Tensorflow---monitoring,saver

版权声明:本文为博主原创文章,未经博主允许不得转载。 https://blog.csdn.net/qq_19918373/article/details/72859735

这里主要介绍两种方式来监视训练。

在介绍之前先讲一下 tf.saver 。这个可以用来保存变量。使用方法如下,可以保存所有变量,也可以保存部分指定变量。

# Create some variables.
v1 = tf.Variable(..., name="v1")
v2 = tf.Variable(..., name="v2")
...
# Add an op to initialize the variables.
init_op = tf.global_variables_initializer()

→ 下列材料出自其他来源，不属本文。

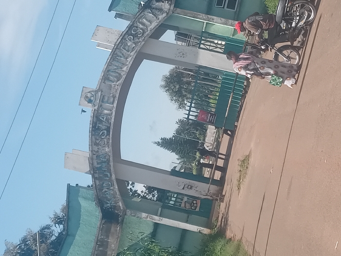 The image displays the main entrance of Kaduna State University, likely situated in Kafanchan A, Nigeria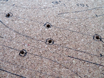 丸印で穴あけの位置を記入してあるので、この位置に穴をあけていきます。
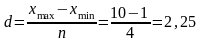 Число групп задано, поэтому интервал рассчитаем по формуле: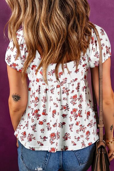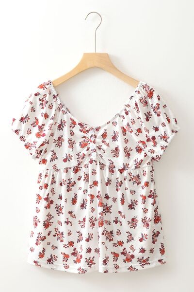 Floral Ruched Cinched Short Sleeve Blouse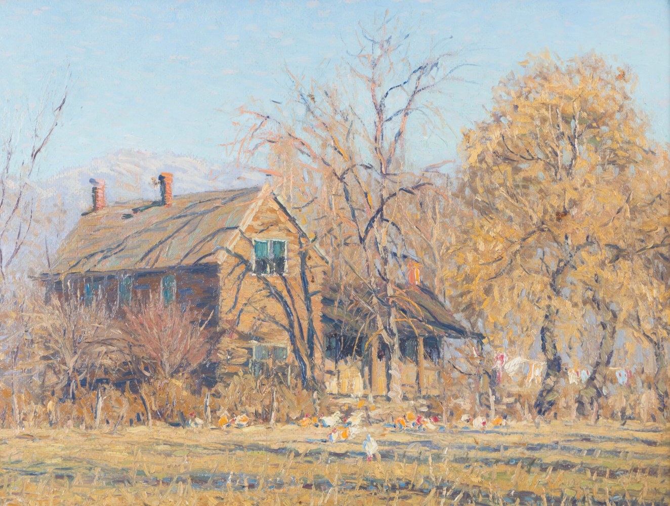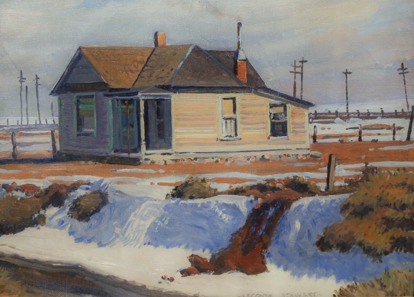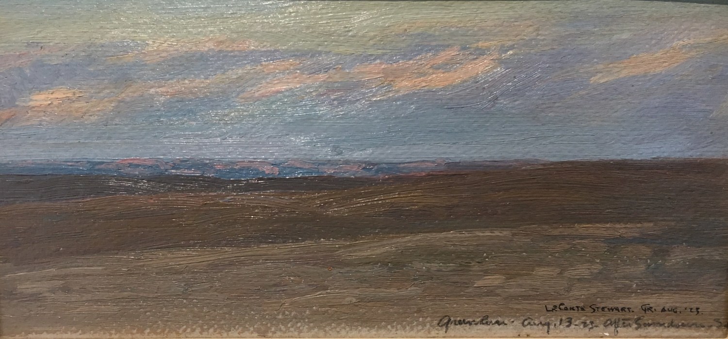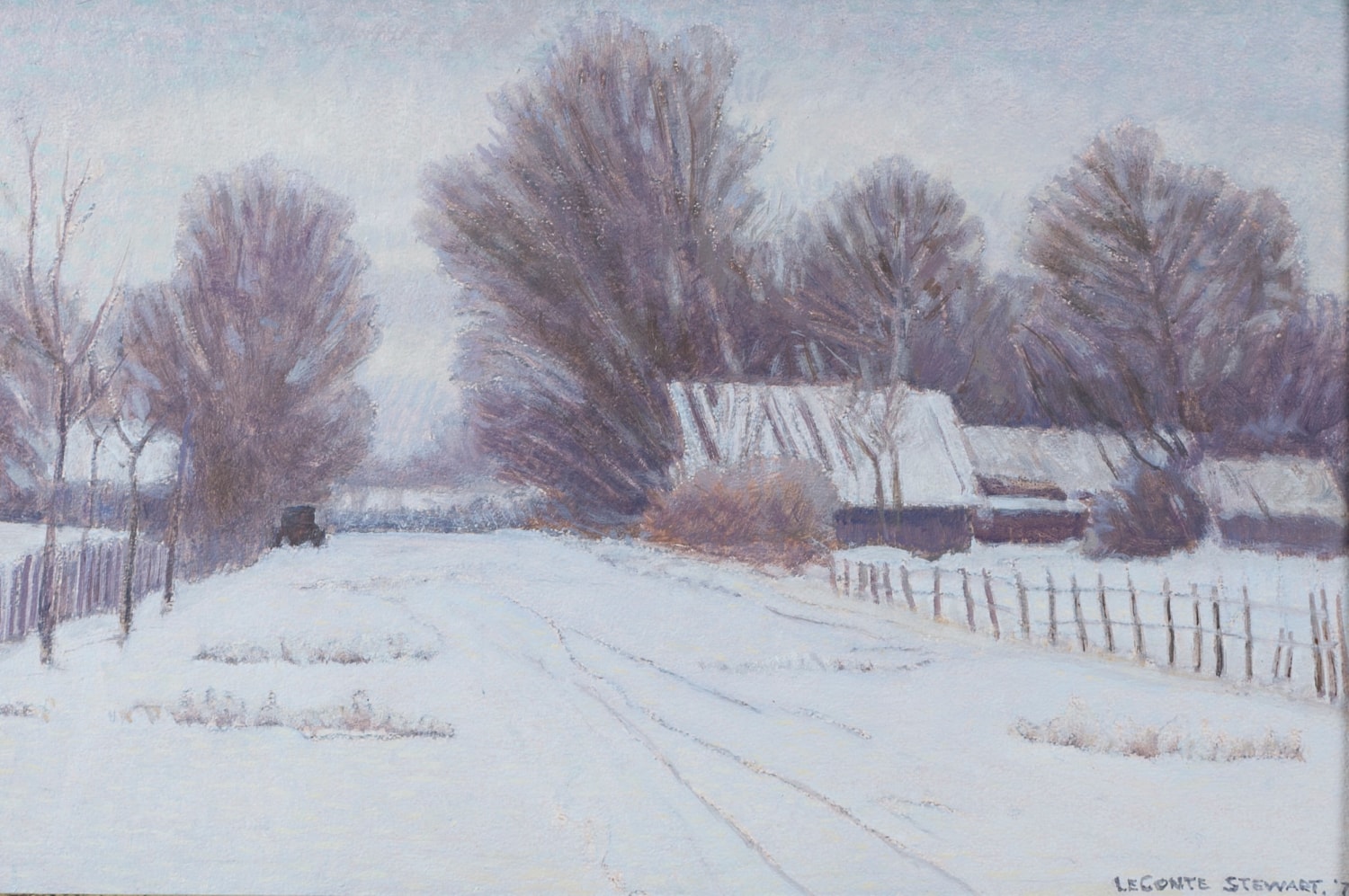 LeConte Stewart was born in 1891 in Glenwood, Utah. His extensive art education began with study in 1912 at the University of Utah with Edwin Evans and private instruction with A.B. Wright. From 1913 through 1914, he attended the Art Students League summer school at Woodstock, New York where he studied with John F. Carlson and Walter Goltz. He later attended the Pennsylvania Academy of Fine Arts in Chester Springs.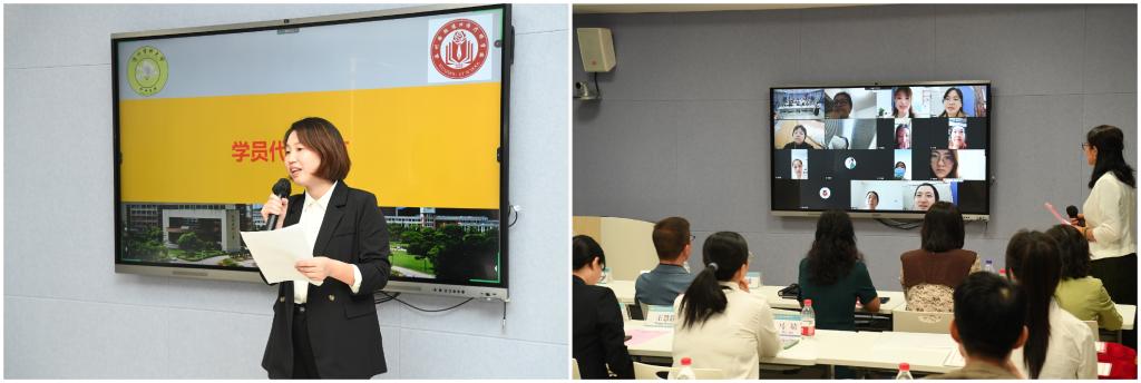 学员代表朱红玉和侯梦晓分别以线下及线上的方式,作学习收获和感悟发言。她们说,从初来乍到时的茫然无知到经历理论实践学习后的娴熟干练,离不开老师们的辛勤付出和倾囊相授。并表示今后在岗位上,要将学习到的专科新知识、新业务和新技术广泛运用于临床,用心服务好每一位伤口造口患者,在伤口造口领域的道路上创造出更加辉煌的成绩!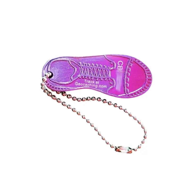 Pieni Geokenkä -travel tag, joka haluaa jättää kengän jälkensä ympäri maailmaa.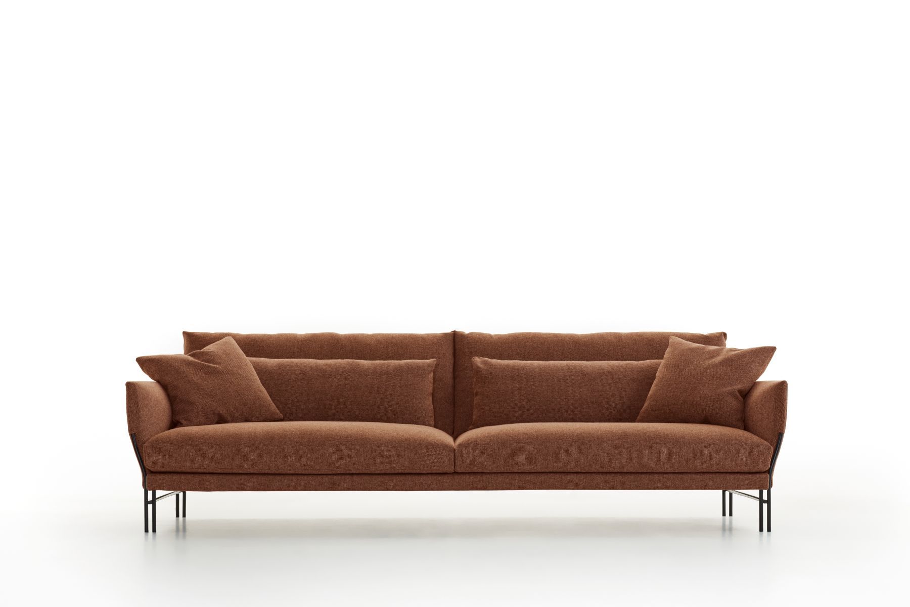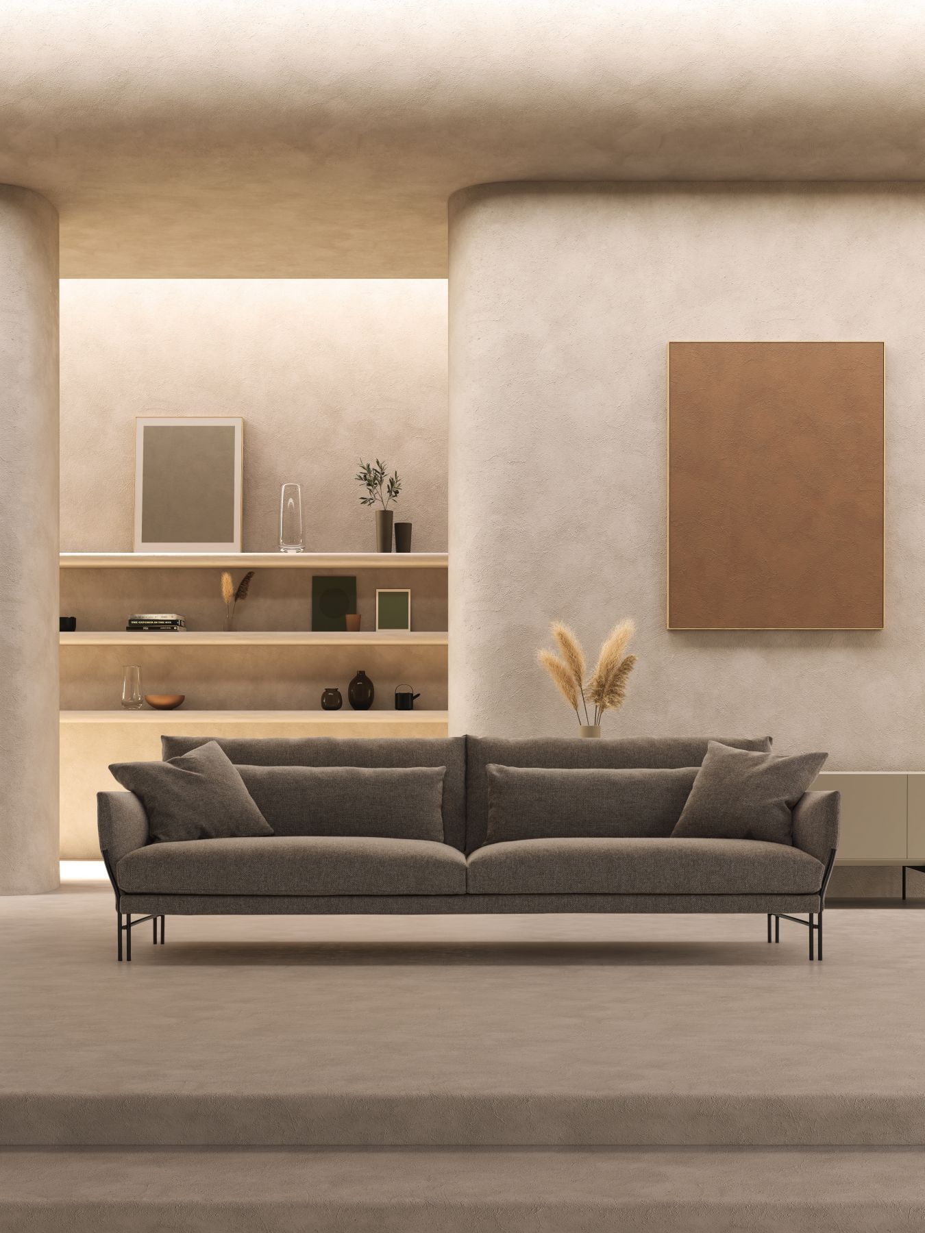 Этот диван сочетает в себе элегантные, чистые линии с комфортом, обеспечиваемым толстой и мягкой зоной отдыха, качества, которые также передает спинка дивана. С эстетической точки зрения одной из его наиболее отличительных особенностей является видимое основание, состоящее из двойной системы ножек, которая подчеркивает легкость и прочность конструкции.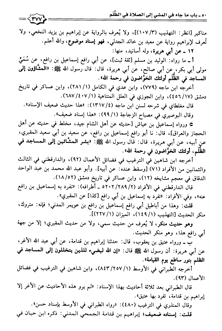 ب- ورواه عتيق بن يعقوب، قال: حدثنا إبراهيم بن قدامة، عن أبي عبد الله الأغر، عن أبي هريرة: أن رسول الله - صلى الله عليه وسلم - قال: "إن الله ليضيء للذين يتخللون إلى المساجد في الظلم بنور ساطع يوم القيامة".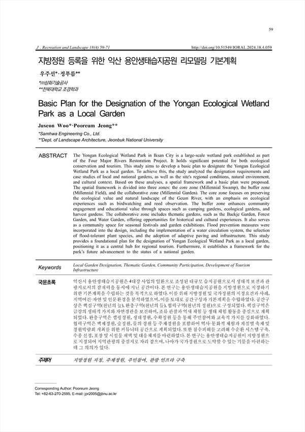The Yongan Ecological Wetland Park in Iksan City is a large-scale wetland park established as part of the Four Major Rivers Restoration Project. It holds significant potential for both ecological conservation and tourism. This study aims to develop a basic plan to designate the Yongan Ecological Wetland Park as a local garden. To achieve this, the study analyzed the designation requirements and case studies of local and national gardens, as well as the site's regional conditions, natural environment, and cultural context. Based on these analyses, a spatial framework and a basic plan were proposed. The spatial framework is divided into three zones: the core zone (Millennial Swamp), the buffer zone (Millennial Field), and the collaborative zone (Millennial Garden). The core zone focuses on preserving the ecological value and natural landscape of the Geum River, with an emphasis on ecological experiences such as birdwatching and reed observation. The buffer zone enhances community engagement and educational value through spaces such as camping gardens, ecological gardens, and harvest gardens. The collaborative zone includes thematic gardens, such as the Baekje Garden, Forest Garden, and Water Garden, offering opportunities for historical and cultural experiences. It also serves as a community space for seasonal festivals and garden exhibitions. Flood prevention measures were incorporated into the design, including the implementation of a water circulation system, the selection of flood-tolerant plant species, and the adoption of adaptive paving and infrastructure. This study provides a foundational plan for the designation of Yongan Ecological Wetland Park as a local garden, positioning it as a central hub for regional tourism. Furthermore, it establishes a framework for the park’s future advancement to the status of a national garden.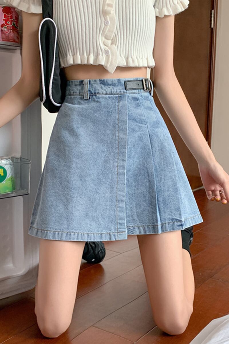 2色 スカート ボトムス 春 夏 秋 冬 きれいめ カジュアル かわいい レディース プリーツスカート デニムスカート トラペーズスカート ミニ丈 ショート丈 膝上 無地 ウエストマーク ハイウエスト プリーツ ベルト アシンメトリー 白 ホワイト 青 ブルー かわいい 大人可愛い きれいめ シンプル カジュアル 大人 上品 おしゃれ お洒落 かっこいい レトロ クラシカル エレガント S M L こなれ感 ラフ マニッシュ ラブリー キュート ガーリー 個性的 主役級 存在感 レディース 着回し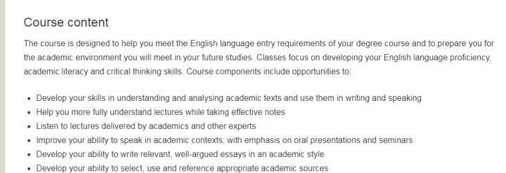 去英语系国家读书,无论本科还是硕士,对英文都有一定的要求,通常在雅思6.5-7分。但因为大家有时候会在总分和小分差一些,学校就开设了针对就读本科和硕士的学生开设了语言课。语言班基本是学校的语言中心开设。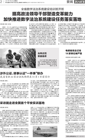 “通过这个机制,认证的过程直接由公证员代为办理。完成认证后,公证员会直接通知当事人来领取公证书或根据当事人要求进行邮寄。”杭州市国立公证处公证员介绍。通过不断实践探索和经验积累,目前我省已形成了较为成熟的公证认证“一件事”联办运行流程和管理机制。今年7月初,全省涉外公证数据与认证系统实现交互联通、实时共享。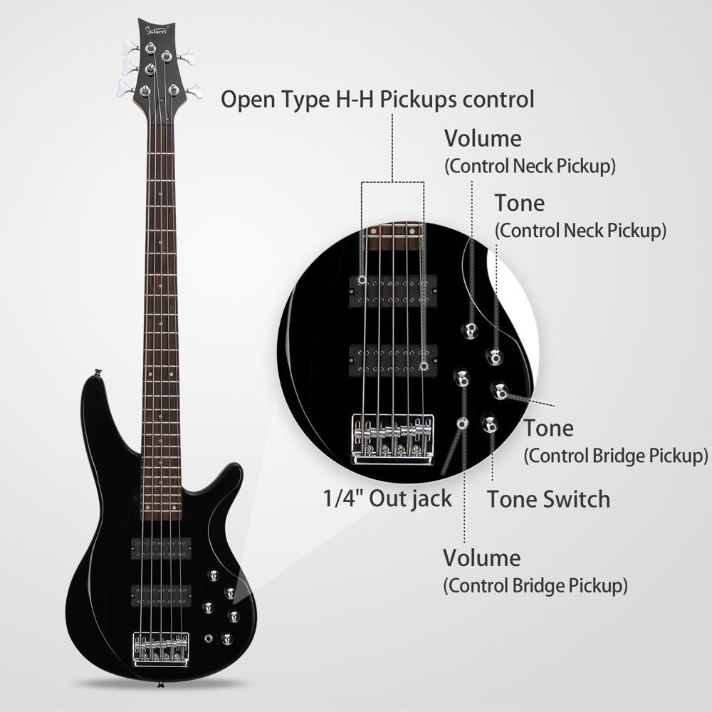 Glarry 44 Electric Bass Guitar 5 Strings Right Handed With Bag Beginner Kit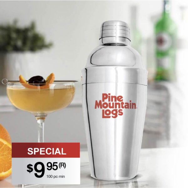 17 oz. (500 ml) Capacity. This highly polished Stainless Steel Cocktail Shaker is essential for any bar. Comes complete with a strainer and a leak proof lid.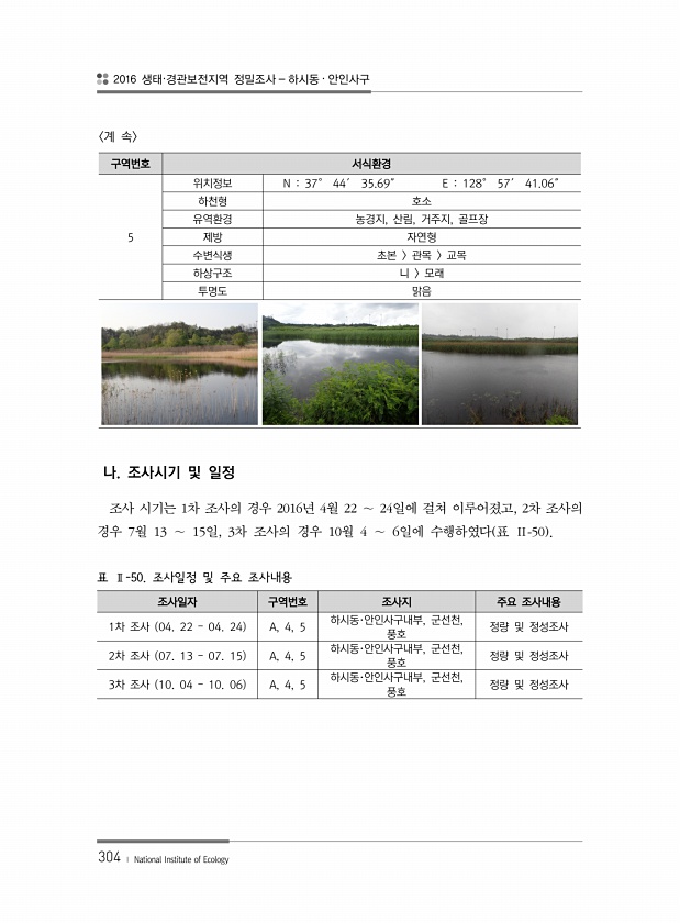 2016 생태·경관보전지역 정밀조사 하시동 · 안인사구 304 ? National Institute of Ecology 구역번호 서식환경 5 위치정보 N 37° 44′ 35.69″ E 128° 57′ 41.06″ 하천형 호소 유역환경 농경지, 산림, 거주지, 골프장 제방 자연형 수변식생 초본 관목 교목 하상구조 니 모래 투명도 맑음 계 속 나. 조사시기 및 일정 조사 시기는 1차 조사의 경우 2016년 4월 22 ∼ 24일에 걸쳐 이루어졌고, 2차 조사의 경우 7월 13 ∼ 15일, 3차 조사의 경우 10월 4 ∼ 6일에 수행하였다 표 Ⅱ-50 표 Ⅱ-50. 조사일정 및 주요 조사내용 조사일자 구역번호 조사지 주요 조사내용 1차 조사 04. 22 ? 04. 24 A, 4, 5 하시동·안인사구내부, 군선천, ...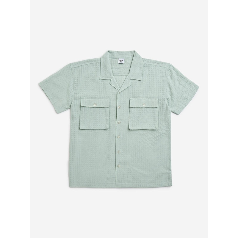 Y&F Kids features this sage shirt in textured design. Carved in a resort-fit frame, the pure cotton garment offers a camp collar, button down front, short sleeves and front pockets.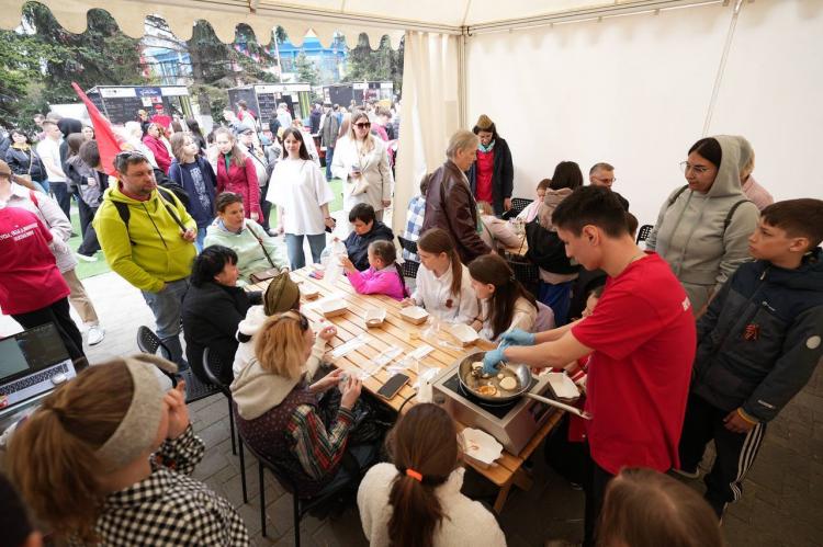 С 12 до 18 часов на площадке гастрофестиваля можно поучаствовать в кулинарных и ремесленных мастер-классах. Также на Городской площади проводится фестиваль "Правнуки Победы" и работает мобильный пункт "Почты России", откуда можно отправить открытку Победы.

# Add ops to save and restore all the variables.
saver = tf.train.Saver()

# If you want to save some variables not all of them
# Pass the variables as a dict:
saver = tf.train.Saver({'v1': v1, 'v2': v2})

# Or pass them as a list.
saver = tf.train.Saver([v1, v2])
# Passing a list is equivalent to passing a dict with the variable op names
# as keys:
saver = tf.train.Saver({v.op.name: v for v in [v1, v2]})
with tf.Session() as sess:
  sess.run(init_op)
  # Do some work with the model.
  ..
  # Save the variables to disk.
  save_path = saver.save(sess, "/tmp/model.ckpt")


恢复变量用下面的方式:

with tf.Session() as sess:
  # Restore variables from disk.
  saver.restore(sess, "/tmp/model.ckpt")


1. tf.Supervisor

  ...create graph...
  my_train_op = ...

  sv = tf.Supervisor(logdir="/my/training/directory")
  with sv.managed_session() as sess:
    for step in range(100000):
      if sv.should_stop():
        break
      sess.run(my_train_op)

tf.Supervisor 是一个比较简单的方法。以上面为例,它每10分钟(default)向 'logdir' 内保存图内的 vars ,并且它每2分钟(default)自动运行 所有的 summary ops,同时把 event file 存进 'logdir' 。他还自动记录 steps , 在它自己的线程里启动  tf.train.QueueRunner 。也可以用它来检查停止点 tf.Supervisor.should_stop() ,要使用这个的话需要自己来设定 stop creterion ,然后当满足该条件时再用 tf.Supervisor.request_stop() 来触发 tf.Supervisor.should_stop() ,下一次检查 should_stop() 时就会停下。

 

如果你不想让它自动保存 summary (过频繁的保存会使内存溢出),用下面的方法来自己维护 summary:

  ...create graph...
  my_train_op = ...
  my_summary_op = tf.summary.merge_all()

  sv = tf.Supervisor(logdir="/my/training/directory",
                     summary_op=None) # Do not run the summary service
  with sv.managed_session() as sess:
    for step in range(100000):
      if sv.should_stop():
        break
      if step % 100 == 0:
        _, summ = session.run([my_train_op, my_summary_op])
        sv.summary_computed(sess, summ)
      else:
        session.run(my_train_op)


当然也可以从 check_point 文件中恢复模型。可以用预先训练好的模型的参数来初始化自己模型的变量。把 tf.Supervisor() 中的 'init_fn' 参数用下面的方法初始化:

  ...create graph...
  # Create a saver that restores only the pre-trained variables.
  pre_train_saver = tf.Saver([pre_train_var1, pre_train_var2])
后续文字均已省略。